# Interview With AMR??



## EMTgurl911 (Apr 30, 2008)

Well I got a interview with AMR on May 7th..Im so excited I just needed some pointers as to the interview I mean is it pretty easy to ace the first interview or what..

I heard theyre pretty easy company to get hired onto..Does anybody in here work for Riverside CA AMR?


----------



## super_chris (Apr 30, 2008)

I thought it was your second interview?


If you're a dude(you're not) you should wear a suit(that means a blazer too).  You're going to have to figure out what the female version of that is, because I have no idea.

Be there one hour early and make your presence known.  Let your interviewer know that your early.  

Bring an atache and a black pen.  I had no idea what they were.  It's just a leatherbound binder with a notepad in it.  

Practice the general questions you know your going to be asked.  "Why do you want this job?"  "Why do you want to work for AMR?"  "Why should we hire you?".  

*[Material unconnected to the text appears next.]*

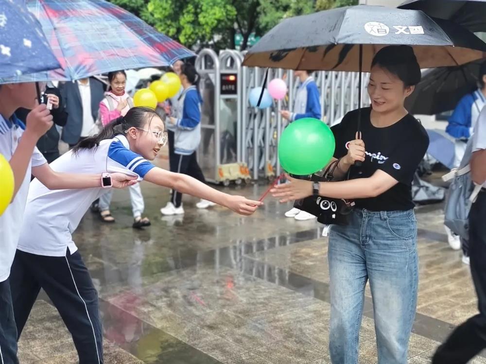 校门口早已洋溢着热烈的氛围,志愿者们手持色彩缤纷的气球,为每一位踏入校园的七年级同学送上专属祝福。接过气球的同学们脸上洋溢着笑容,崭新的校园生活在这份温暖中正式启航,气球的斑斓色彩也为校园增添了勃勃生机。

Most of all, be confident.
If this is your second interview.  That's a very good sign and you should have nothing to worry about.  I've never heard of someone losing the job at the second interview.


----------



## ErinCooley (Apr 30, 2008)

I had an impromptu interview in capris and got the job.  I keep a 1 1/2" notebook with anything anyone could want... my certificate, my state numbers, my driving records, my federal background check, NREMT numbers, etc.  When I was interviewing, he said that I would need to bring X,Y and Z but I had them with me, he commented on liking my organization and sent me to be drug tested and do the physical agility test.  I will start Thursday or Friday, I should hear today by 1 which day it will be.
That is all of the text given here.